INFORMATION SUPPLIED section start

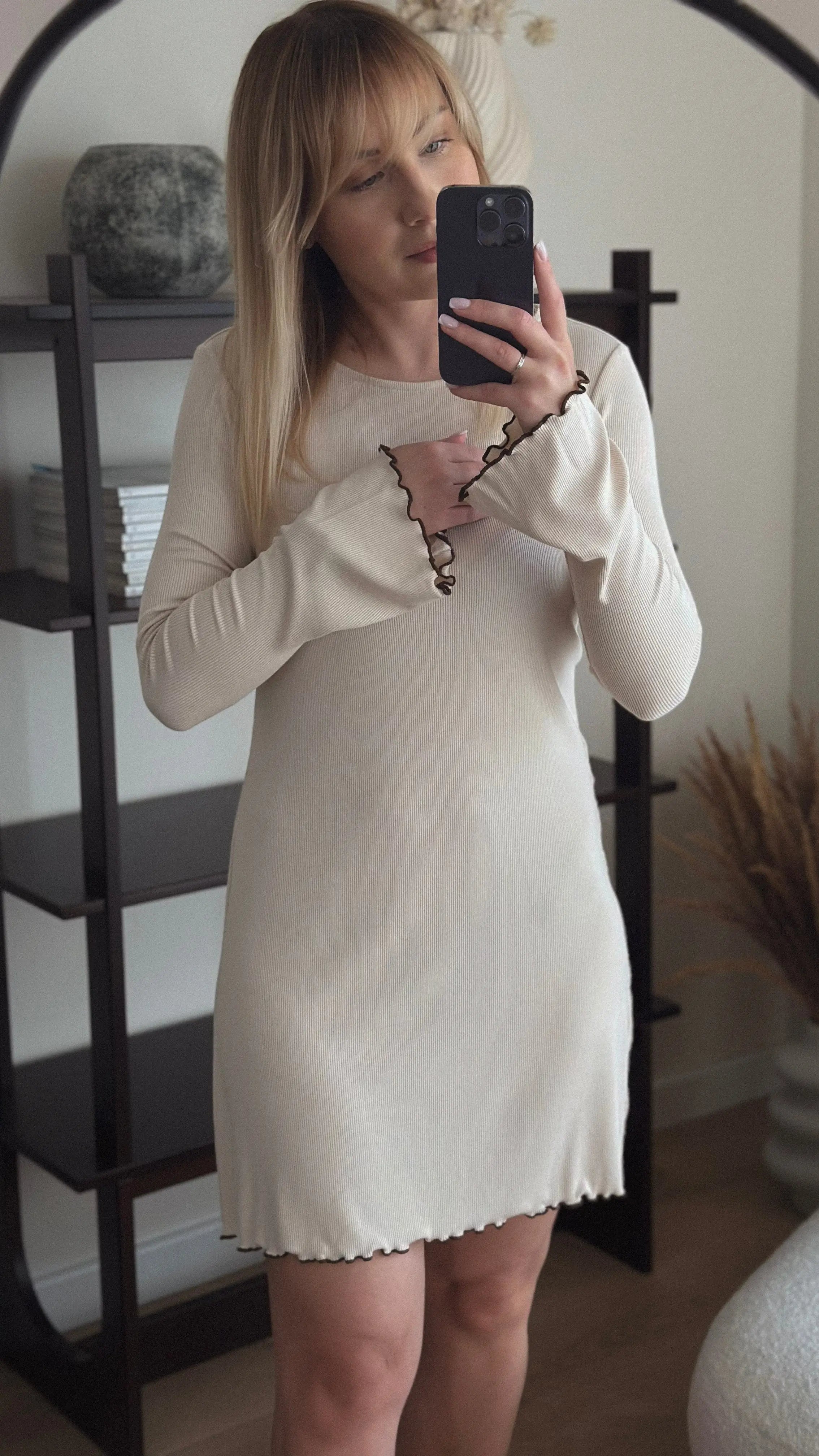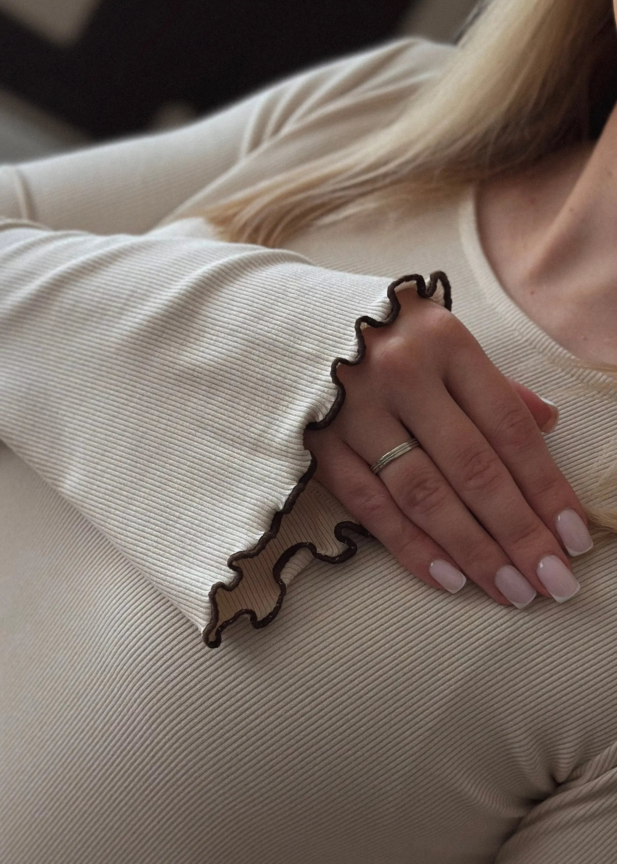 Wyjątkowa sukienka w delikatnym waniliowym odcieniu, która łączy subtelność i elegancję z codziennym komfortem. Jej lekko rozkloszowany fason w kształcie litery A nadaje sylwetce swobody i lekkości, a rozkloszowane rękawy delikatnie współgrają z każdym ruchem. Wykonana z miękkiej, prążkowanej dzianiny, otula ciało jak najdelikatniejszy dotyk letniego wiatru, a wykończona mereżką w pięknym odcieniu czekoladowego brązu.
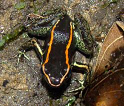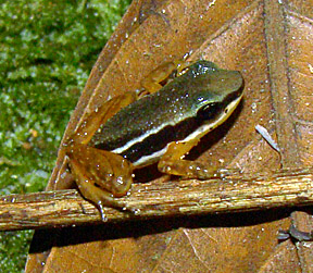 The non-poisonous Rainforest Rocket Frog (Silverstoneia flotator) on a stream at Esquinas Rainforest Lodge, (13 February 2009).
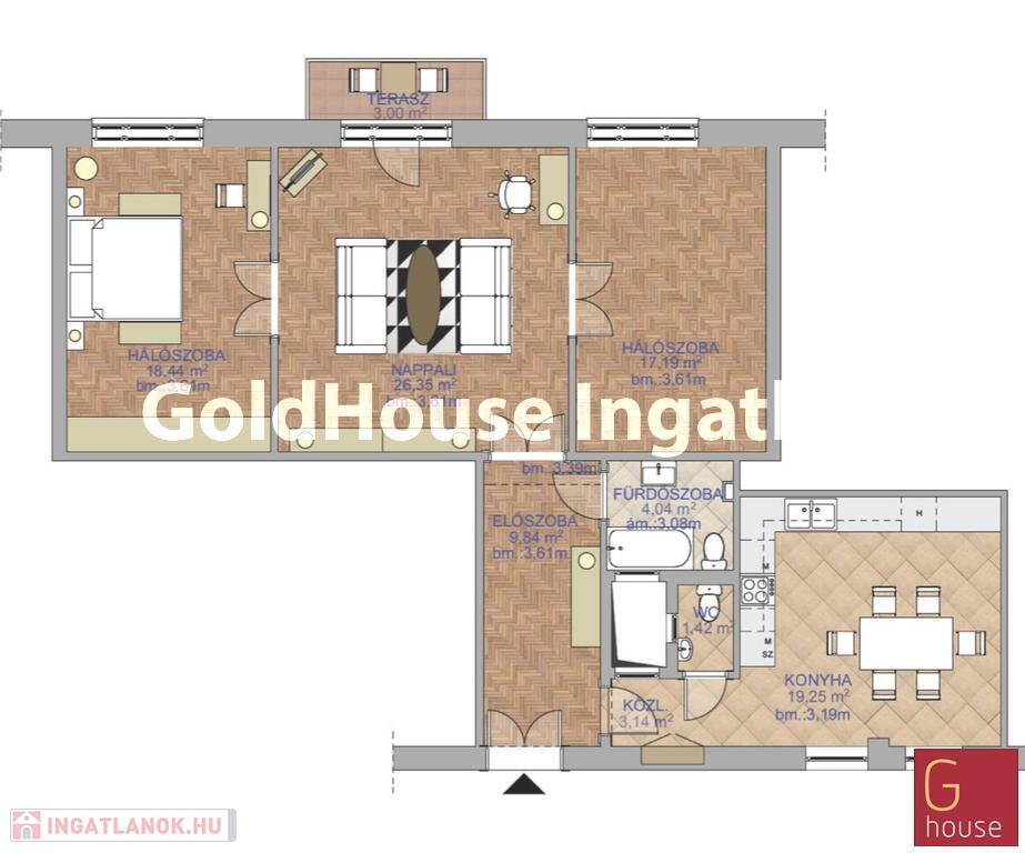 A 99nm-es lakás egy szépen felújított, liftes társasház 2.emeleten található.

INFORMATION SUPPLIED section end

● **WHAT TO PRODUCE**
Reproduce the data above verbatim, minus any images.

● **ANSWER**
 Wyjątkowa sukienka w delikatnym waniliowym odcieniu, która łączy subtelność i elegancję z codziennym komfortem. Jej lekko rozkloszowany fason w kształcie litery A nadaje sylwetce swobody i lekkości, a rozkloszowane rękawy delikatnie współgrają z każdym ruchem. Wykonana z miękkiej, prążkowanej dzianiny, otula ciało jak najdelikatniejszy dotyk letniego wiatru, a wykończona mereżką w pięknym odcieniu czekoladowego brązu.
 The non-poisonous Rainforest Rocket Frog (Silverstoneia flotator) on a stream at Esquinas Rainforest Lodge, (13 February 2009).
 A 99nm-es lakás egy szépen felújított, liftes társasház 2.emeleten található.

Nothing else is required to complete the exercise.